Validity in Observational Studies

Fundamental Epidemiological Concepts and Approaches

Kiffer G. Card, PhD, Faculty of Health Sciences, Simon Fraser University

Learning objectives for this lesson:

Identify different types of selection bias and assess whether a study is likely to suffer from it
Determine the likely direction and magnitude of selection bias using sampling fractions or sampling odds
Apply principles of bias prevention in study design, including secondary-base studies
Explain differences between non-differential and differential misclassification bias in terms of sensitivity and specificity
Evaluate misclassification of exposure, disease, or both in 2×2 tables
Evaluate the likely impact of misclassification using sensitivity analysis
Apply validation studies and regression calibration to adjust observed data
Modify sample-size estimates to account for misclassification

This course was developed by Kiffer G. Card, PhD, as a companion to Dohoo, I. R., Martin, S. W., & Stryhn, H. (2012). Methods in Epidemiologic Research. VER Inc.

Section 1 of 5

Introduction & Selection Bias

⏱ Estimated reading time: 20 minutes

12.1 Introduction to Validity

An awareness of the key features of study design, implementation, and analysis should help ensure we obtain valid results from research. The term validity relates to the absence of a systematic bias in results — a valid measure of association in the study group will have the same value as the true measure in the source population (except for variation due to sampling error).

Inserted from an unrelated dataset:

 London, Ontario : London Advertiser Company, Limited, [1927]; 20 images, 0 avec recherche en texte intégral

To the extent that the study group and source population measures differ systematically, the result is said to be biased.

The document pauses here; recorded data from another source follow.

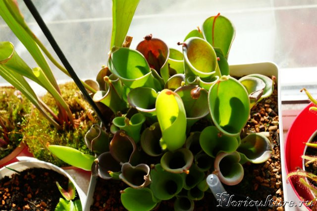 Моё общение с гелиамфорами убедило, что любят они утреннее солнце, в этот момент обильное орошение и обязательные суточные перепады. Кувшины деформируются от нехватки света. Может меня и поправят, сославшись на хорошие лампы, но действительно солнце никакие лампы не заменят для полноценного роста. Мои весной начинают преображаться, как буд-то стряхивая зимнюю спячку. Вообщем солнце + вода + прохлада.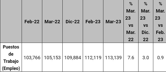 Sin embargo, el número de puestos de trabajo al 31 de marzo de 2023 es mayor al logrado al 31 de marzo, pero de 2022 por 7 mil 986 puestos, y es que, hace un año el número de trabajadores con seguridad social fue de 105 mil 153 empleos.
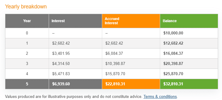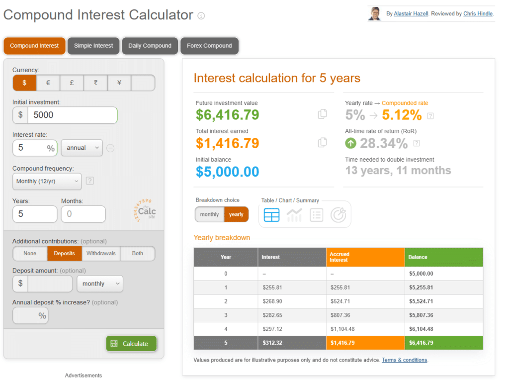 Let’s use the compound interest calculator provided by Thecalculatorsite.com

Key Concept: Internal vs. External Validity

Internal validity means the study allows unbiased inferences about associations in the source population.

External validity relates to making correct inferences to populations beyond the source population (the target population).

Generalisability is an inferential step beyond external validity — extending valid scientific theories to broadly defined populations (e.g., across populations and/or species).

The Three Major Types of Bias

Click each card to learn more about the three major categories of bias that threaten the validity of observational studies:

🎯

Selection Bias

Click to explore

🔍

Information Bias

Click to explore

🔀

Confounding Bias

Click to explore

12.2 Selection Bias

Selection bias results from the fact that the composition of the study group differs from that in the source population, and this biases the association observed between the exposure and the outcome of interest. Selection bias can affect study results significantly.

From a sampling and study-design perspective, each study will have an objective that relates to a defined target population. Ideally, the study group would completely reflect the source population, which in turn would reflect the target population. In practice, this is rarely the case.

Bias Variables and DAGs

Bias variables influence participation in a study in a way that causes the initial or final composition of the study group to differ from the source population, thus biasing the observed association.

The basic conditions for selection bias can be shown using directed acyclic graphs (DAGs):

In Scenario 1, both E and D independently affect selection. When we condition on selection (study only the responders), E and D become associated even though they are independent in the source population. In Scenario 2, a bias variable related to both exposure and disease directly affects selection, creating a spurious association.

Sampling Fractions & Sampling Odds

We can understand selection bias by examining sampling fractions. The source population and study group follow the structure shown below:

Source Population	E+	E−
D+	A₁	A₀	M₁
D−	B₁	B₀	M₀
	N₁	N₀	N

The four sampling fractions (sf) represent the proportion selected from each cell:

Eq 12.1 — Sampling Fractions

sf₁₁ = a₁/A₁ sf₁₂ = a₀/A₀
sf₂₁ = b₁/B₁ sf₂₂ = b₀/B₀

If subjects were selected by random sampling, all four fractions would be equal — no selection bias. If the sampling fractions are equal, the OR of the sampling fractions (OR_sf) equals 1, and there is no bias in the observed OR.

Key Insight

The four sampling fractions can be unequal and still produce no bias in the observed OR, provided OR_sf = 1. Also, if OR_sf = 1, there is no bias to the risk ratio (RR) if disease is infrequent.

Sampling Odds

In practice, sampling odds may be easier to conceptualise than individual sampling fractions. For a cohort study, we compare the sampling odds of disease among exposed versus non-exposed subjects:

Eq 12.2 — Sampling Odds

so_D+|E+ = sf₁₁ / sf₂₁
so_D+|E− = sf₁₂ / sf₂₂

If these selection odds are equal, there is no bias. If the ratio of sampling odds is greater than 1, bias is away from the null; if less than 1, bias is toward the null.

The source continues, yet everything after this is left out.